## Material provided
|---|

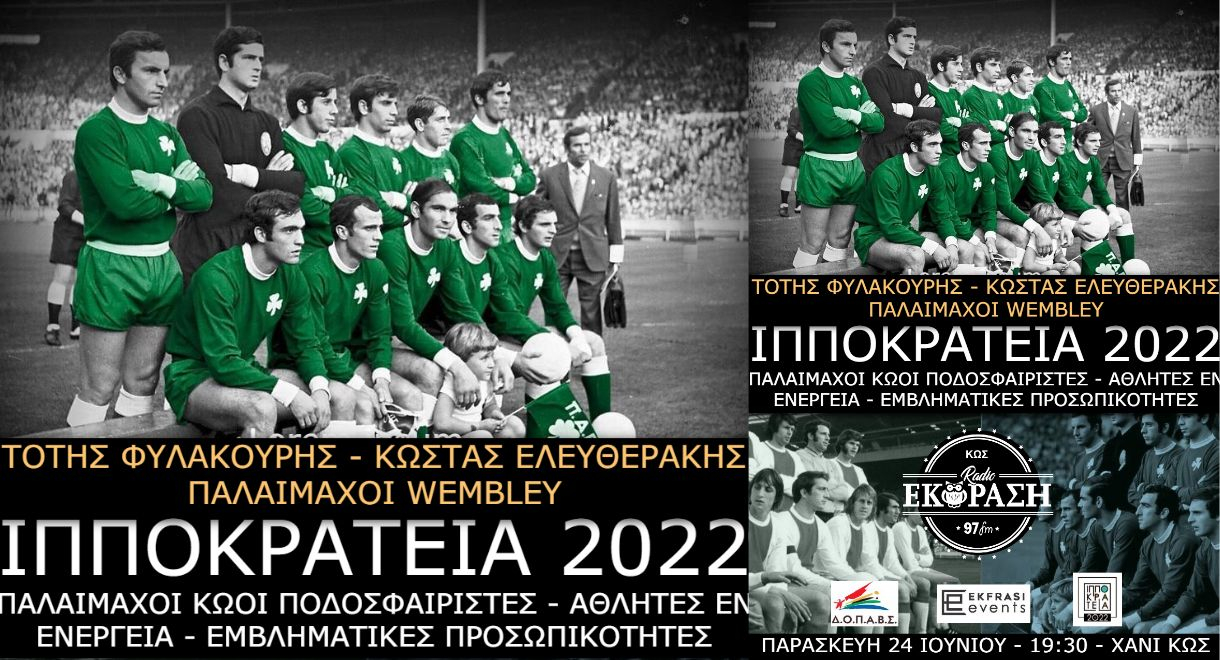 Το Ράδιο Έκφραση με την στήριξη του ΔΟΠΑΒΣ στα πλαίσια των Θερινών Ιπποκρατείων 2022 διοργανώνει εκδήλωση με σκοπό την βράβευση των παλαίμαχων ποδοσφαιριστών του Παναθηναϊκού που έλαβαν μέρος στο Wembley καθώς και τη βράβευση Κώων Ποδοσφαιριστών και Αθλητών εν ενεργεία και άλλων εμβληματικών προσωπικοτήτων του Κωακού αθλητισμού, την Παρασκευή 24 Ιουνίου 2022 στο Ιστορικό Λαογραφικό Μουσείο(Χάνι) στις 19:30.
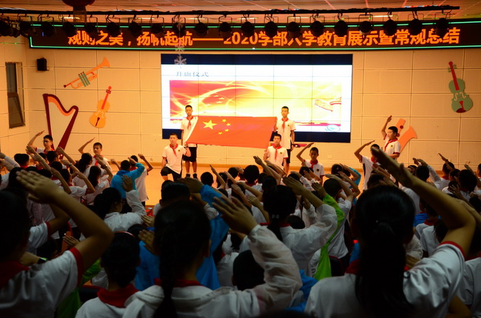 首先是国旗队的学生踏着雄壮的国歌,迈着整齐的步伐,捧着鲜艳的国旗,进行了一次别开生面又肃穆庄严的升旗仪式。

|---|

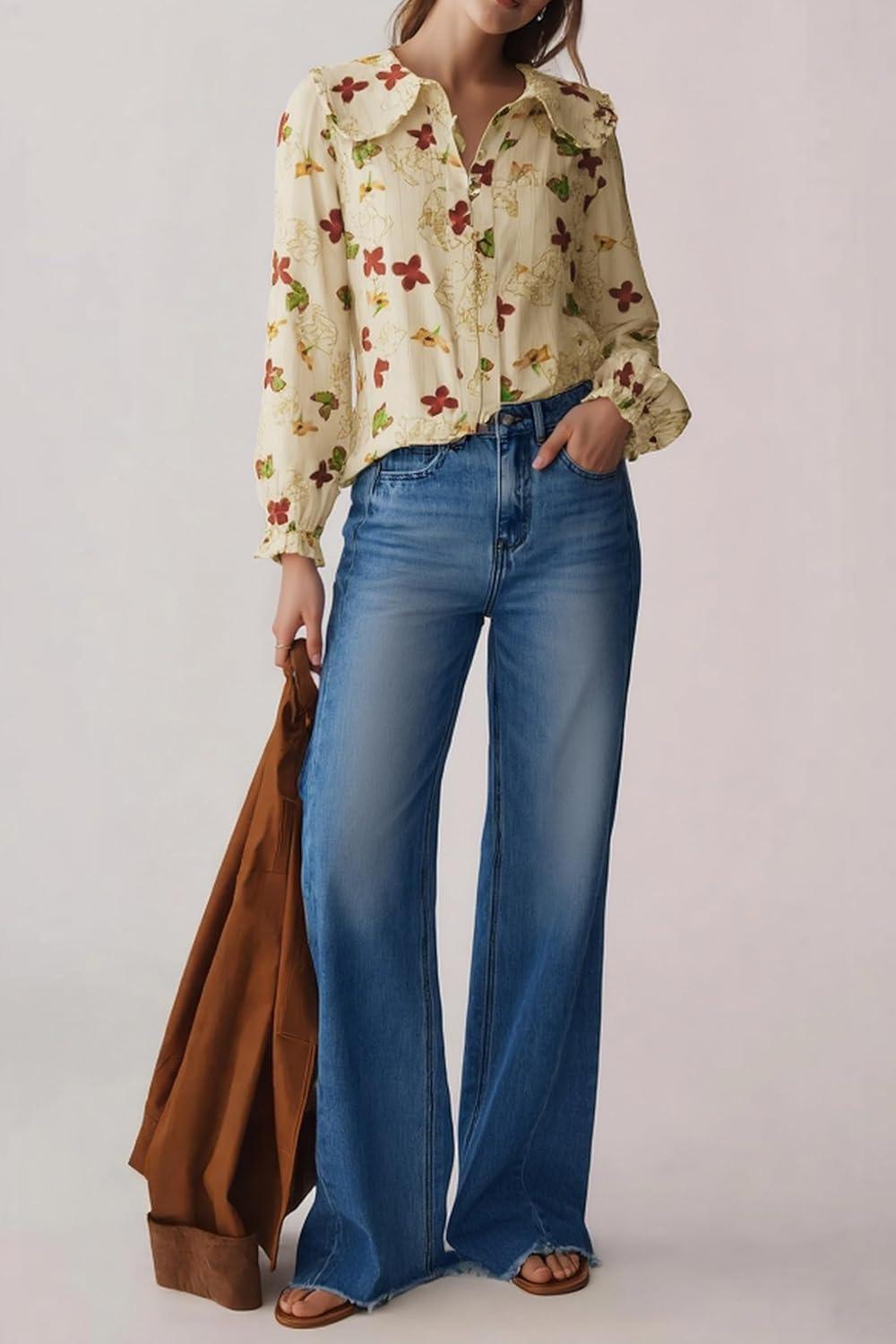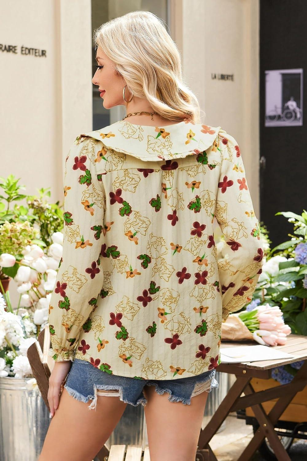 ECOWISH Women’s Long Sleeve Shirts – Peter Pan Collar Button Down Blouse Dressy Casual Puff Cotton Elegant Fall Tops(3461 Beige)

|---|

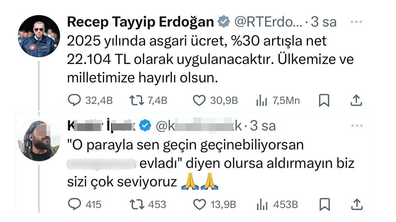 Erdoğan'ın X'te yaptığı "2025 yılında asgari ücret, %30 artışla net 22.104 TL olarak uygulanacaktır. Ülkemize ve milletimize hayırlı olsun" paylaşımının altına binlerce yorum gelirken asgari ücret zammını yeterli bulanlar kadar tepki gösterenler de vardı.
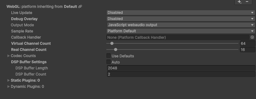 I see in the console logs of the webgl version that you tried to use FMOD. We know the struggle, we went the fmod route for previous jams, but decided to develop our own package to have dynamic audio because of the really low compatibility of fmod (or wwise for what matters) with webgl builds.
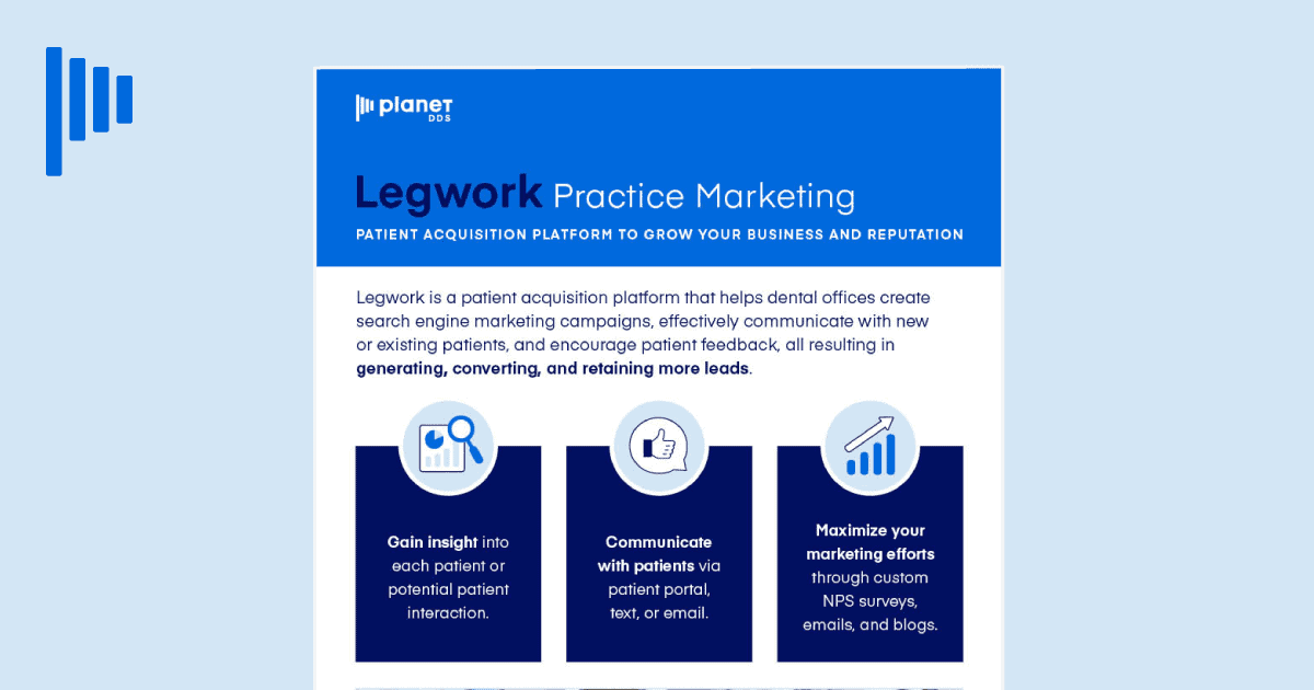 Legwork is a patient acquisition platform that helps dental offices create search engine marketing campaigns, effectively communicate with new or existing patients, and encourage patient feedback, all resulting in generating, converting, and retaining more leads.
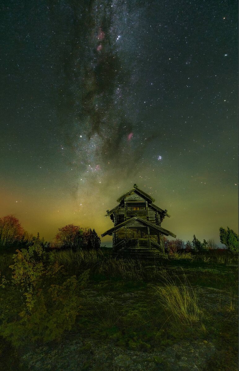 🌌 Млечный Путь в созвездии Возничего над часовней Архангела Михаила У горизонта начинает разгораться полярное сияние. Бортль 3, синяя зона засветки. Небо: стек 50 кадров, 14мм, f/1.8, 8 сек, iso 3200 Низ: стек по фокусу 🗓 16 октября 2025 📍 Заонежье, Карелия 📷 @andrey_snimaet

|---|

Copy only the lines above from the one containing "I see in the" through the one containing "Карелия 📷 @andrey_snimaet", both included. Leave out the pictures.

 I see in the console logs of the webgl version that you tried to use FMOD. We know the struggle, we went the fmod route for previous jams, but decided to develop our own package to have dynamic audio because of the really low compatibility of fmod (or wwise for what matters) with webgl builds.
 Legwork is a patient acquisition platform that helps dental offices create search engine marketing campaigns, effectively communicate with new or existing patients, and encourage patient feedback, all resulting in generating, converting, and retaining more leads.
 🌌 Млечный Путь в созвездии Возничего над часовней Архангела Михаила У горизонта начинает разгораться полярное сияние. Бортль 3, синяя зона засветки. Небо: стек 50 кадров, 14мм, f/1.8, 8 сек, iso 3200 Низ: стек по фокусу 🗓 16 октября 2025 📍 Заонежье, Карелия 📷 @andrey_snimaet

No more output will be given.